This is my first post here so I hope to be able to ask my question properly :-)
I want to do "elephant detection" by classifying color samples (I was inspired by this paper). This is the pipeline of my "solution" until the training of the classifier:
- Loading a set of 4 training images (all containing an elephant), and then splitting them in two images: one containing the environment surrounding the elephant (the "background"), and one containing the elephant (the "foreground");
- Mean shift segmentation of the backgrounds and the foregrounds;
- RGB -> Luv color space conversion and pixel values extraction (in order to fill a Mat object with 3 columns and a number of rows equal to the number of samples);
- SVM training with an RBF Kernel by calling train_auto method.
So, the problem arises in this last step: after a while (a few hours), I get the following error message:
OpenCV Error: Insufficient memory (Failed to allocate 22165936 bytes) in OutOfMemoryError, file xxx\alloc.cpp, line 52
terminate called after throwing an instance of 'cv::Exception'
what(): xxx\alloc.cpp:52:error: (-4) Failed to allocate 22165936 bytes in function OutOfMemoryError
My training samples are a [3 columns x 1,385,235 rows] CV_32FC1 Mat object. I don't believe that this data structure is too large, isn't it? I've 16 GB of RAM, and I'm using OpenCV 2.4.9 and Codeblocks.

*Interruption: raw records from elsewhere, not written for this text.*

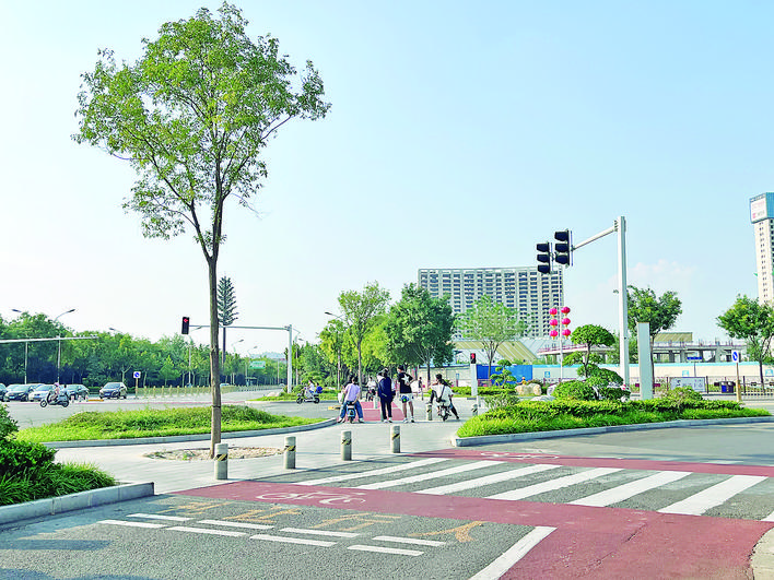 市民過馬路采取無障礙上島模式,給過馬路的行人和非機動車提供安全的等待區(qū)域,避免行人和非機動車與機動車發(fā)生沖突,保障廣大市民通過交叉口時的安全。
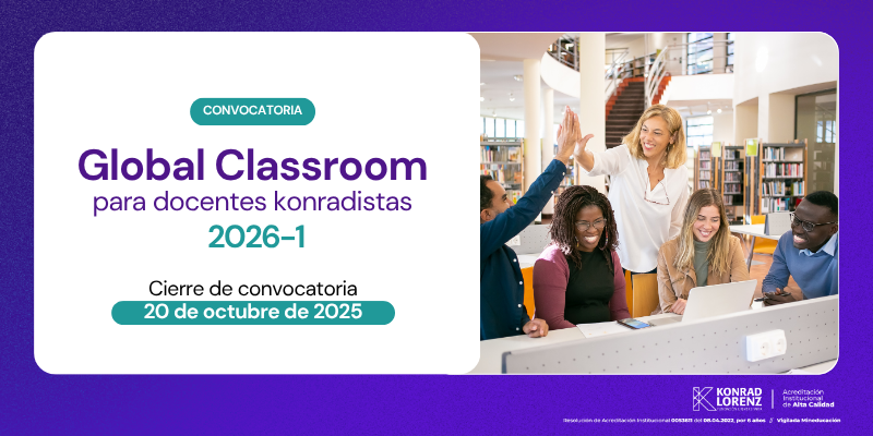 Durante el 2020 y 2021 gracias al apoyo de nuestros docentes, los estudiantes konradistas tuvieron la oportunidad de interactuar con otras comunidades académicas y culturas a través de herramientas tecnológicas implementando estrategias como las clases espejo y COIL (Collaborative Online International Learning). A partir de 2022 dimos un paso más y presentamos la estrategia GLOBAL CLASSROOM que recoge y potencia los resultados de estas iniciativas.
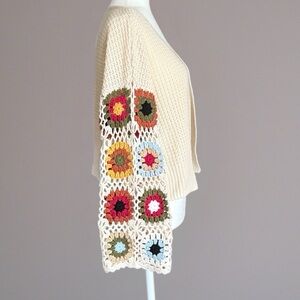 Boho Crochet Granny Square Sleeve Cardigan Cream Open Knit Sweater Size Small
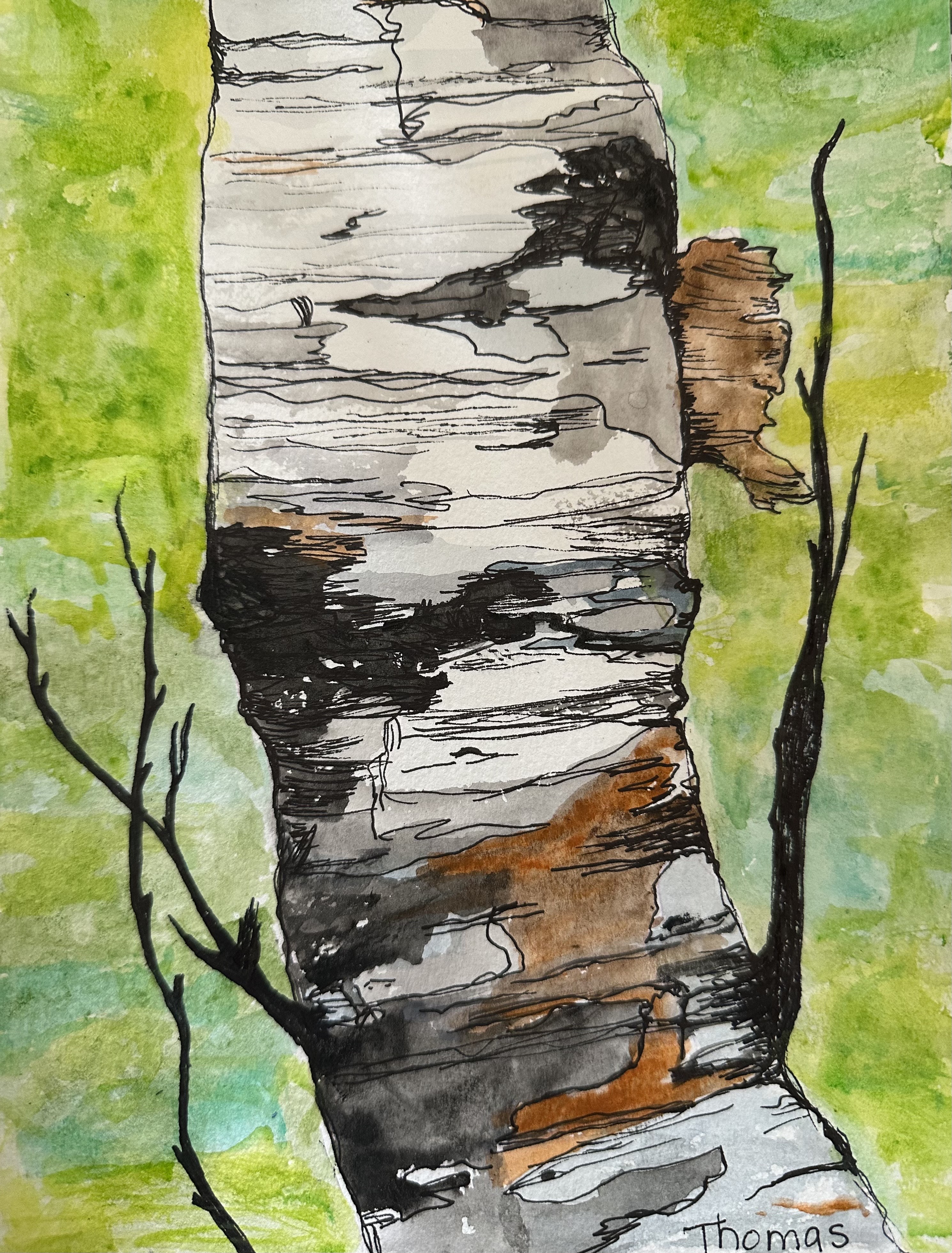 Bright green background showcases this beautiful birch tree. Watercolor paint and ink on a 140 lb white paper size 7x10 inches.

However, this is the source code:
//Loading Background & Foreground Training Images
Mat train_00_background = imread("training_set/train_00_background.png");
cvtColor(train_00_background, train_00_background, CV_BGR2BGRA);
oclMat t_00_bg;
t_00_bg.upload(train_00_background);
(...)
Mat train_00_foreground = imread("training_set/train_00_foreground.png");
cvtColor(train_00_foreground, train_00_foreground, CV_BGR2BGRA);
oclMat t_00_fg;
t_00_fg.upload(train_00_foreground);
(...)
//COLOR SEGMENTATION by MEAN SHIFT CLUSTERING
meanShiftSegmentation(t_00_bg, train_00_background_clustered, 5, 5, 50, TermCriteria(TermCriteria::MAX_ITER + TermCriteria::EPS, 5, 1));
(...)
//CV_8UC3 -> CV_32FC3
train_00_background_clustered.convertTo(train_00_background_clustered, CV_32FC3);
(...)
//Normalization
train_00_background_clustered *= 1./255;
(...)
//RGB -> Luv
cvtColor(train_00_background_clustered, train_00_background_clustered, CV_BGR2Luv);
(...)
//COLOR LIST EXTRACTION FROM BACKGROUND AND FOREGROUND
//colorListBg_00 is a 3 x NumberOfColors CV_32FC1 Mat
extractColorList(train_00_background_clustered, colorListBg_00);
// Memory release
train_00_background_clustered.release();
(...)
//Color List concatenation
//background
colorListBg_00.copyTo(colorList);
colorList.push_back(colorListBg_01);
(...)
Size s = colorList.size();
int s1 = s.height;
//foreground
colorList.push_back(colorListFg_00);
(...)
s = colorList.size();
int s2 = s.height - s1;
// ASSIGNING THE LABELS
Mat labelsBg(s1, 1, CV_32FC1, -1.0);
Mat labelsFg(s2, 1, CV_32FC1, 1.0);
Mat labels;
labelsBg.copyTo(labels);
labels.push_back(labelsFg);
// SVM TRAINING
CvSVMParams params;
params.svm_type = CvSVM::C_SVC;
params.kernel_type = CvSVM::RBF;
params.term_crit = cvTermCriteria( CV_TERMCRIT_ITER+CV_TERMCRIT_EPS, 1000, FLT_EPSILON );
CvSVM SVM;
SVM.train_auto(colorList, labels, Mat(), Mat(), params, 2);
Thank you for paying attention towards this question.